Мы понемногу постигали Анфису и Наяна. Все было еще впереди. Маленькие существа делали робкие шаги в проявлении черт характера. Наян при суровой внешности являл олицетворение спокойствия, наивности и великодушия. Анфиса — хитрюга, егоза, непоседа, заводила и драчунья в ангельском обличье. Хорошие умственные задатки были у обоих.
В месячном возрасте щенки все еще обитали в манеже. Они в нем помещались, но площадь для игр уменьшилась. Надвигался момент свободы. Мы его оттягивали, так как опасались за щенков — слишком маленькие, слишком шустрые.
Днем за детками присматривали всей семьей. Ночью я. Спала рядом с ними в кресле-кровати. Разложенное, оно занимало большую часть кухни, поэтому утром собирала его обратно. 19 мая отпраздновали щенкам месяц. Стоило всем улечься спать, как Наян начал буянить.
Я лежала с закрытыми глазами в предвкушении сладкого сна. На столе горел ночник. Было тихо и уютно. Вдруг из манежа послышалась возня. Шуршание не прекращалось минут десять, и спустя указанный срок раздался лай одного малыша. Приоткрыв глаза, увидела Наяна, стоявшего в углу манежа на задних лапах. Передние он положил на край манежа.
Шея вытянута вверх, голова решительно приподнята. Вид бодрый. В глазах — созревший замысел.
Я наблюдала молча. Думала: «Не откликнусь — глядишь, заснет». Куда там! Наян глянул за манеж и подпрыгнул на задних ногах — явно хотел выбраться за пределы загородки. Не вышло. Подумал, оглядывая загородку, и снова подпрыгнул. Опять потерпел неудачу и раздраженно залаял. Лаем разбудил Анфису. Та нехотя поднялась, лениво зевнула и сонно прошествовала к Наяну. Приблизившись, она ткнулась носом в живот братишки и задержала на его морде свой вдумчивый, изучающий взгляд, который содержал безмолвный вопрос: «Чего горланишь и спать не даешь?»
«Не знаю!» — растерялся Наян.
И дальше они продолжили общение тем же мыслительным способом.
— А ты пораскинь мозгами! — настаивала Анфиса. Она испытующе обозрела братца целиком и пришла к важному выводу: «Большой и глупый. Но добрый и искренний. Пахнет родным. Люблю его, каков есть».
Наян глубокомысленно воздел глаза к потолку, сосредоточенно нахмурил бровки и выдал:
— Надоело в манеже жить — места мало, душно.
— До утра нельзя было подождать? — строго спросила Анфиса.
— Так не спится ж: в тесноте да жаре, — пожаловался Наян, смущенно хлопая густыми черными ресницами.
— Ну-ну… — Анфиса сочувствующим взором обвела разросшиеся телеса братца.

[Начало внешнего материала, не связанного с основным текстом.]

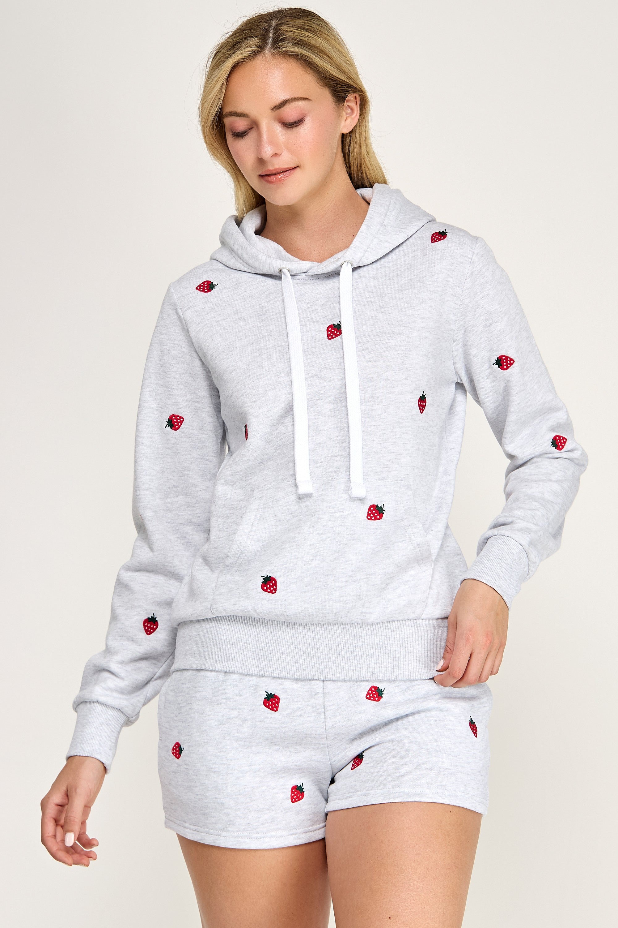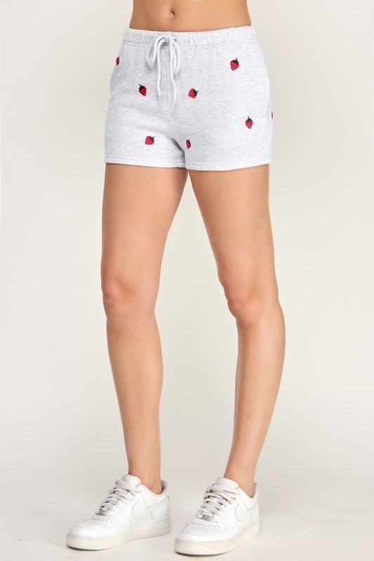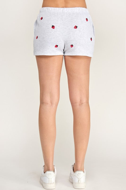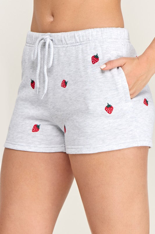 BASIC FLEECE SHORTS WITH SIDE POCKETS WITH STRAWBERRY ALL OVER EMBROIDERY

— Чего дальше делать? — недоумевал Наян, обращаясь к сестре.
— Лично я спать иду, а ты полай. Может, тебе задницу набьют, а может, и выпустят. Если набьют, приходи ко мне спать. А не набьют, я тоже возмущусь: «Держат, понимаешь ли, чистокровных борзых в клетке!» — распалялась Анфиса.

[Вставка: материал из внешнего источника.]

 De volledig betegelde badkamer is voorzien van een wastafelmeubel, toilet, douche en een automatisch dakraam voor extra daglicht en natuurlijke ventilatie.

— А когда задницу бьют, то больно? — встревожился Наян.
— Мама говорила, что не очень. Потерпишь! Ты — мужчина или кто? — отрезала Анфиса.
— Я — мужчина, вроде бы… — не очень уверенно ответил Наян.
— Загляни себе под хвост, недоумок. Мама же нам рассказывала про это. — Анфиса укоризненно покачала головой.
Наян заглянул и с дрожащей гордостью в голосе уверенно заявил:
— Я — мужчина.
— Правильно. А как мужчина ты должен быть в курсе, что борьбу за свободу всегда начинают лица мужского пола, женщины присоединяются позже, — поучала коварная Анфиска.
— Когда позже? — уточнил бесхитростный Наян.
— Как только перестают бить попы! Понятно?! — Анфиса наглела.
— Понятно, — вздохнул Наян, и в его вздохе проглянула обреченная готовность к расплате.